In an op-ed piece published in UNC's student newspaper, the Daily Tar Heel, Coonin writes: "I don't know if she knew how important she was to me and my development here at Carolina...She taught me that all it takes is an idea and the willingness to voice that idea...Eve taught me how to lead and have fun....She made things happen; she wouldn't sleep or give up until she found a way for things to work."
In an e-mail to Hillel students at UNC, Katz and her colleagues suggested students light an extra Shabbat candle in Eve's memory, pray for her family, make a charitable donation in her honor, or recite Psalms 23, 130 or 90. Hillel also canceled its evening programming out of respect for Carson.

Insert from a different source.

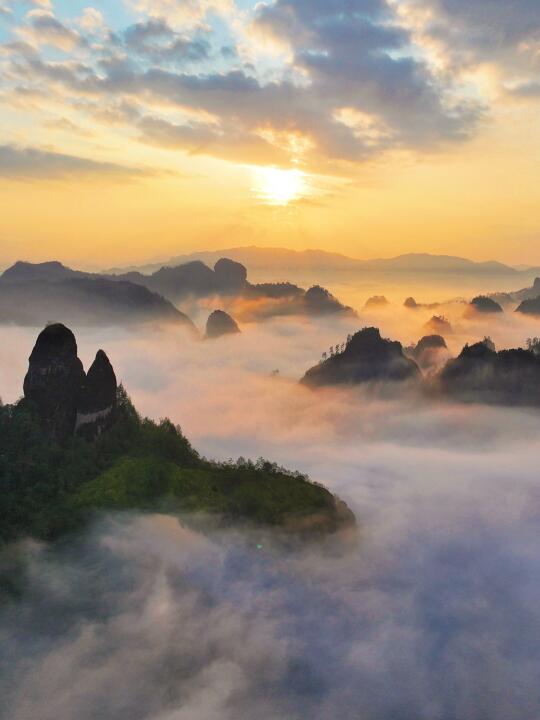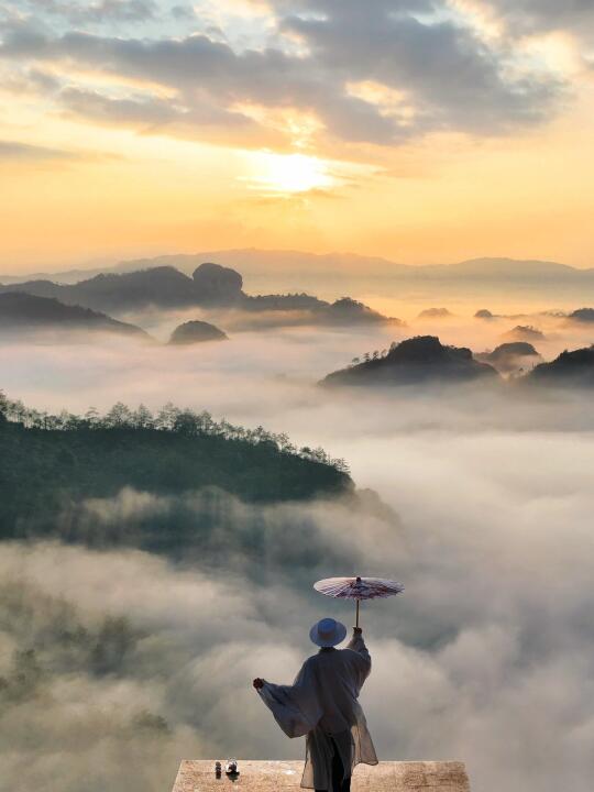 追一场云海日出云海 一定看准天气跟日出时间 湿度够了云雾云海真的美 还有青苔石板路可以拍照 · 我住在景区旁的一曲相思矮胡酒店 酒店背靠着大王峰还有私汤可以泡 格外的惬意还有茶室和院子可以拍照 ·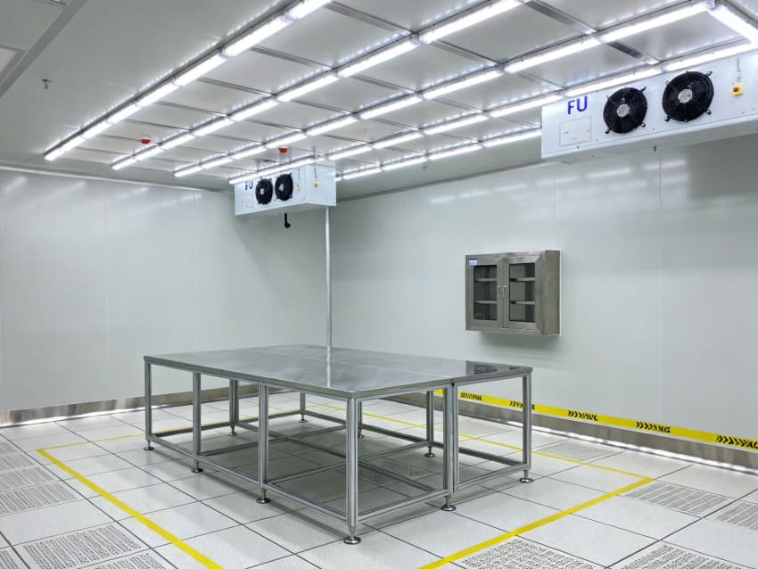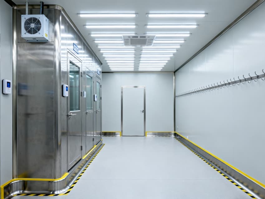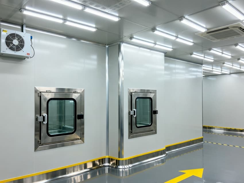 內部按芯片工藝流程劃分光刻輔助區(qū)、晶圓預處理區(qū)、封裝過渡區(qū)等,各區(qū)域通過無塵傳遞艙銜接。車間嚴格執(zhí)行萬級潔凈標準(ISO8級),每立方米空氣中≥0.5μm微粒數(shù)≤352000個,采用初效-中效-高效-化學過濾四級凈化系統(tǒng),配合垂直層流送風,每小時空氣置換25-30次。墻面為防靜電不銹鋼板,地面是環(huán)氧樹脂自流平材質,溫度穩(wěn)定在23±1℃、濕度45±3%RH,同時配備靜電消除裝置,避免微粒與靜電影響芯片良率,完全契合芯片生產嚴苛要求。

Since UNC students will be on Spring Break March 8 - 16, a memorial service for the slain student leader is planned for Tuesday, March 18. Carson was buried in her hometown of Athens, Georgia.
Meanwhile, in Burk's hometown of Marietta, Georgia, a memorial service was held at Johnson Ferry Baptist Church (Burk's mother is Baptist) and her funeral will take place at Kol Emeth Synagogue (Burk's father is Jewish).
Rob Kulick, the campus Hillel advisor at Auburn says Burk was not involved with Hillel but was well-known to Hillel students.
"We've sent flowers to [Kol Emeth]," said Kulick, who is also the president of Congregation Beth Shalom in Auburn. "And we will be saying Kaddish for Lauren at tonight's service." A campus-wide memorial service is planned for Monday.
The families of the slain girls live less than 80 miles apart in Atlanta suburbs. Police believe their murders are coincidental and not connected.